__What the task asks__
Could you copy exactly the lines below, beginning at the line with "materia de salud." and stopping after the line with "А вот для контраста", with no pictures?

__Data__
:::::
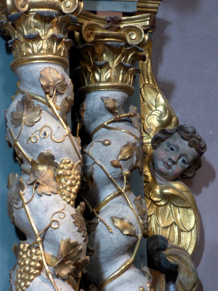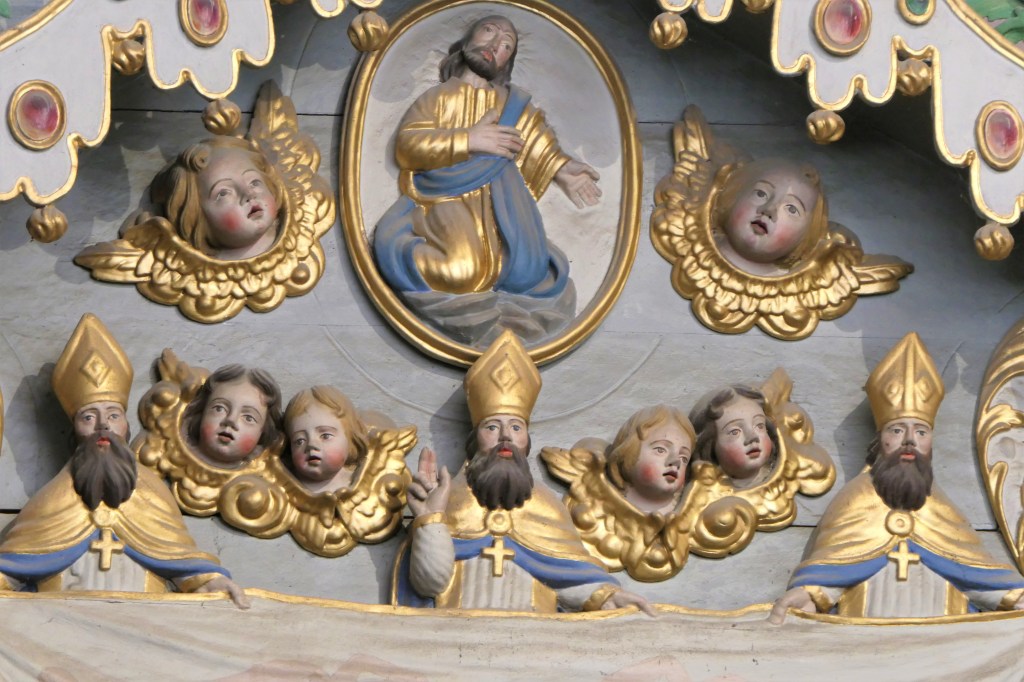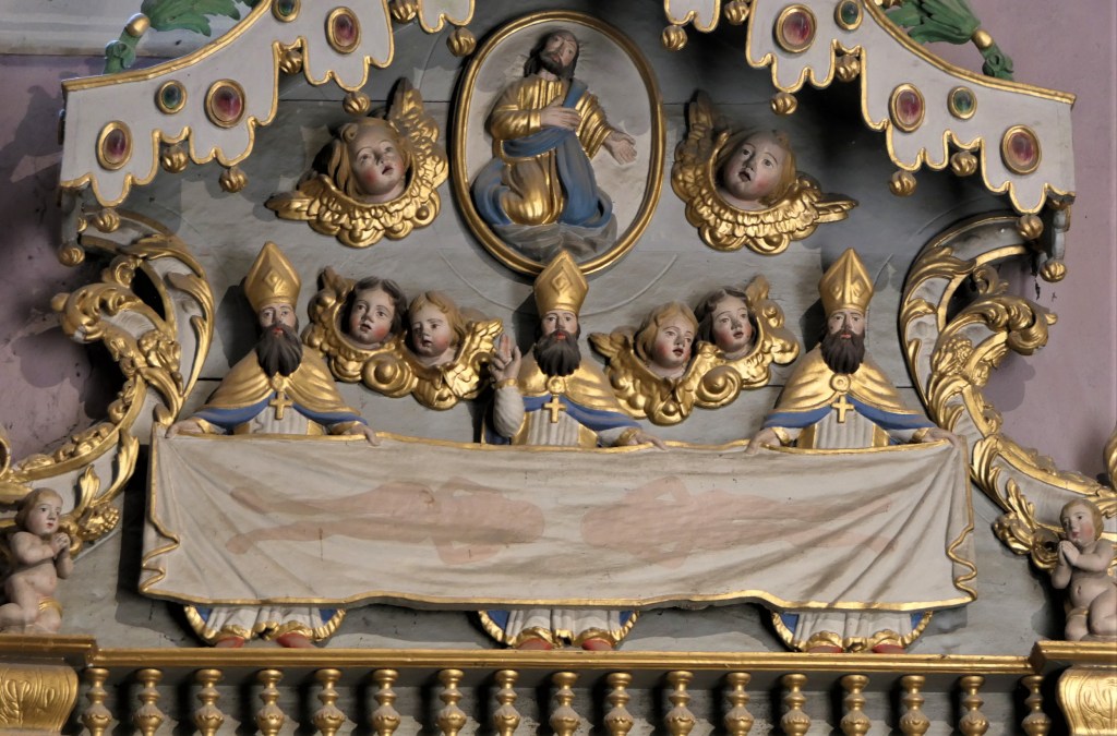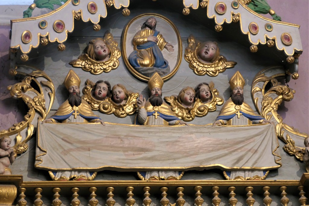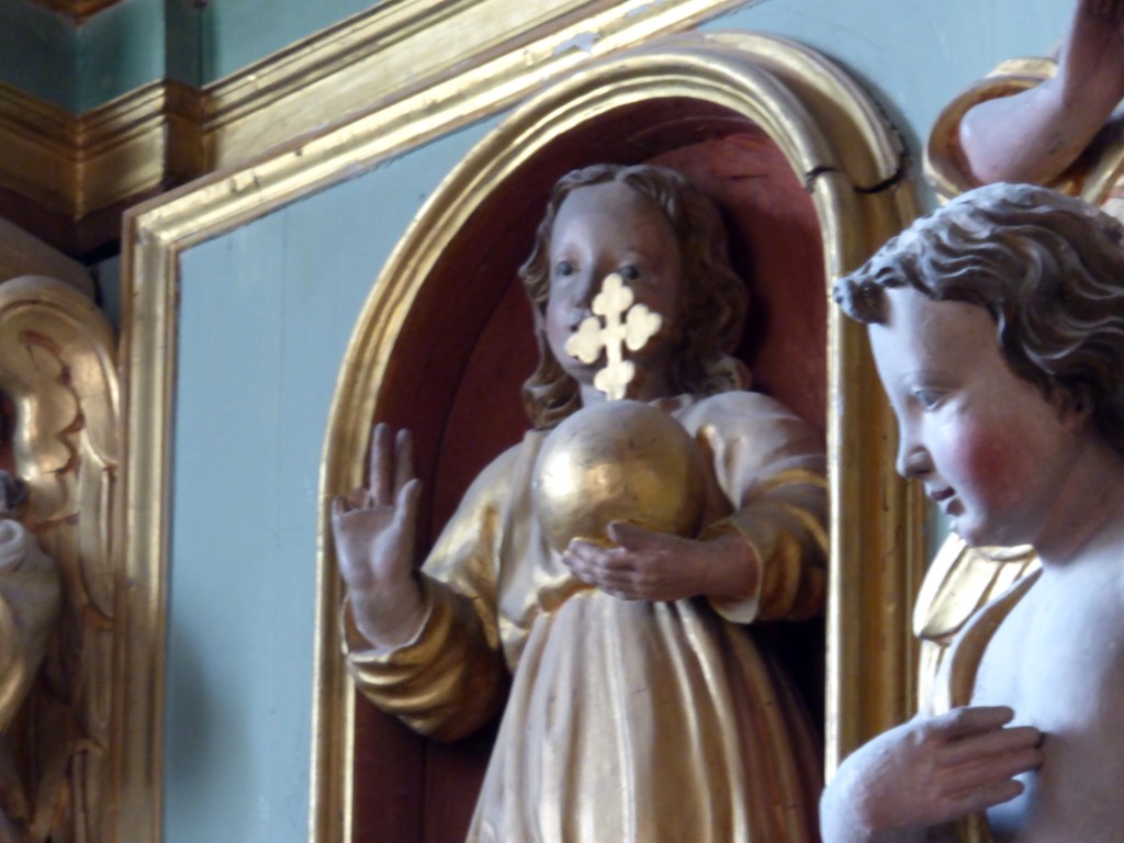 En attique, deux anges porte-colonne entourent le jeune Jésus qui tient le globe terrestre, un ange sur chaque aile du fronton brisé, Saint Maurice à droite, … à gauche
:::::
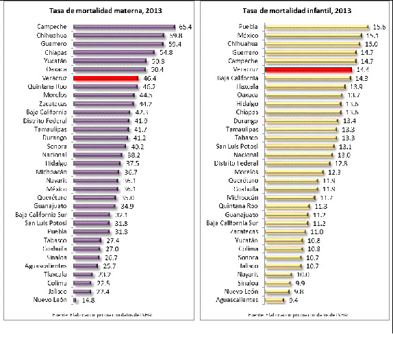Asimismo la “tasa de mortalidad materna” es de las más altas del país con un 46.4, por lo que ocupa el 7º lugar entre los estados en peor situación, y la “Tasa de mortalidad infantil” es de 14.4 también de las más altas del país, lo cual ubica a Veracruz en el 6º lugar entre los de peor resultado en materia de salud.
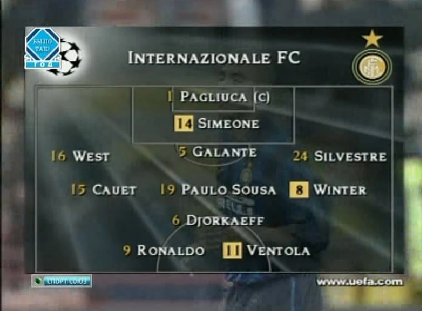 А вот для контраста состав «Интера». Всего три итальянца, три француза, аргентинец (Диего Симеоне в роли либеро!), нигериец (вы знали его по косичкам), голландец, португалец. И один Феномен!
:::::
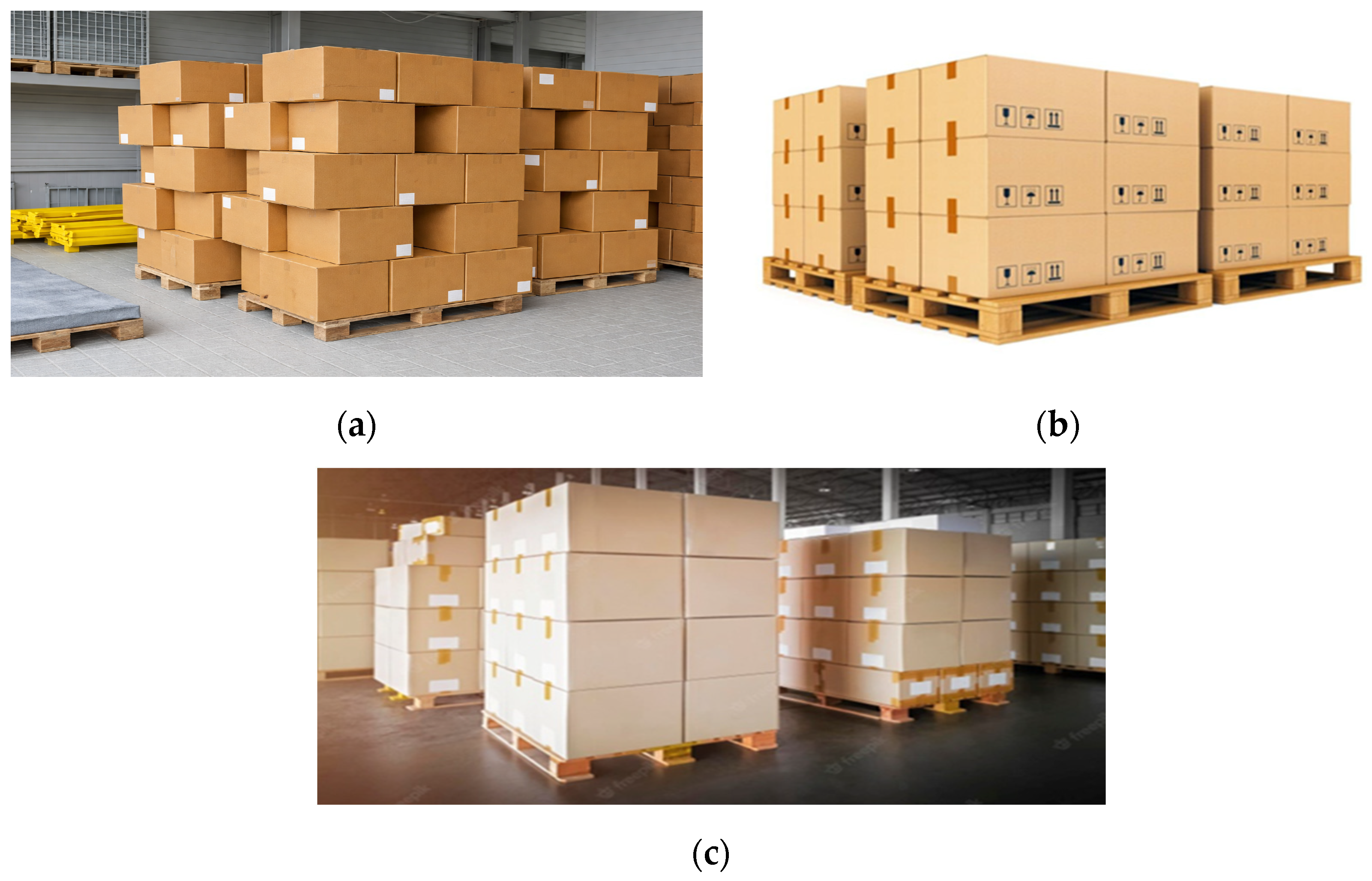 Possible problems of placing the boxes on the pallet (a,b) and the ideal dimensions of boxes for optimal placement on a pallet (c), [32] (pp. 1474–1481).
:::::
__Solution to this task__
Asimismo la “tasa de mortalidad materna” es de las más altas del país con un 46.4, por lo que ocupa el 7º lugar entre los estados en peor situación, y la “Tasa de mortalidad infantil” es de 14.4 también de las más altas del país, lo cual ubica a Veracruz en el 6º lugar entre los de peor resultado en materia de salud.
 А вот для контраста состав «Интера». Всего три итальянца, три француза, аргентинец (Диего Симеоне в роли либеро!), нигериец (вы знали его по косичкам), голландец, португалец. И один Феномен!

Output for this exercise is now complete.